Sunday, December 23, 2007

The innocence of habit is inevitably solidified by the malice of the law.

Carlos Fuentes Terra Nostra

This is somehow related to Dawkin's ideas regarding the malice of indoctrinating children into religious belief. Perhaps the malice of the law in such a case being the unwritten societal law that all children are in fact indoctrinated into the hocus pocus of their parents.

Children are taught to believe the backward cult traditions of their parents, such is the malice of the law. An eight year old child can be programmed to hate Jews and aspire to martyrdom, a 10 year old can be taught to carry a sign in the street opposing abortion but do either of these traditions consider simply teaching a child how to think logically and then allowing that child to come to an independent conclusion?

The Amish turn their children loose at a certain age, allow them to experiment with sex, drugs, and the modern world for years. The vast majority of those children return to their Amish communities. I would postulate two hypotheses to explain this.

1) The Amish way of life is the true and only way of life.

2) By the time these children are set free in the world it is far to late for them to think independently.

Dawkins states that only one in 12 children break with the religious traditions of their parents. If the parents have differing beliefs from one another then the child by definition must break with one to join the other. Or is this lucky one in 12 children breaking with the traditions of both parents?

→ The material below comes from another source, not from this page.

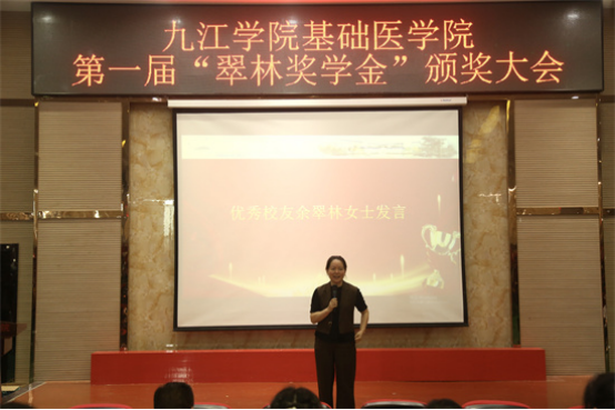 表彰大会上,优秀员工余翠林女士上台发言。她表示,作为九院学子,设立“翠林奖学金”的初衷是希望在学弟学妹们之中播撒一颗“种子精神”,把自己的微薄之力传承下去。她从自己的求学和工作经历娓娓道来,勉励同学们珍惜时光、努力学习、积极参与志愿服务,学会感恩,将个人的成长与社会的进步紧密相连。
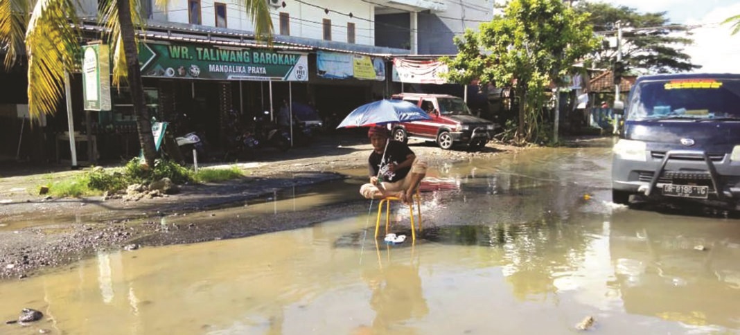 PRAYA – Johan Hadi, warga Tengari, Kecamatan Praya, Lombok Tengah, menjadi pusat perhatian pengguna jalan, Selasa (16/3/2021) lalu. Dia mandi dan memancing ikan di kubangan air di jalan berlubang yang berlokasi di perempatan kampus IPDN. Aksi itu dilakukan sebagai protes kepada Pemprov NTB karena jalan yang sudah lama rusak parah tak kunjung diperbaiki.

I am especially intrigued with Dawkins idea that indoctrination of children is a form of child abuse. We are all appalled at the sight of the 6 year old child aspiring to be a suicide bomber but is this not simply the idea of indoctrination in its most pure and therefore obscene form? Would that Orwell were alive to write a brilliant exposition of the hypocrisy of this judgment by those who would have children of the same age condemn all who differ from them in belief to eternal torture.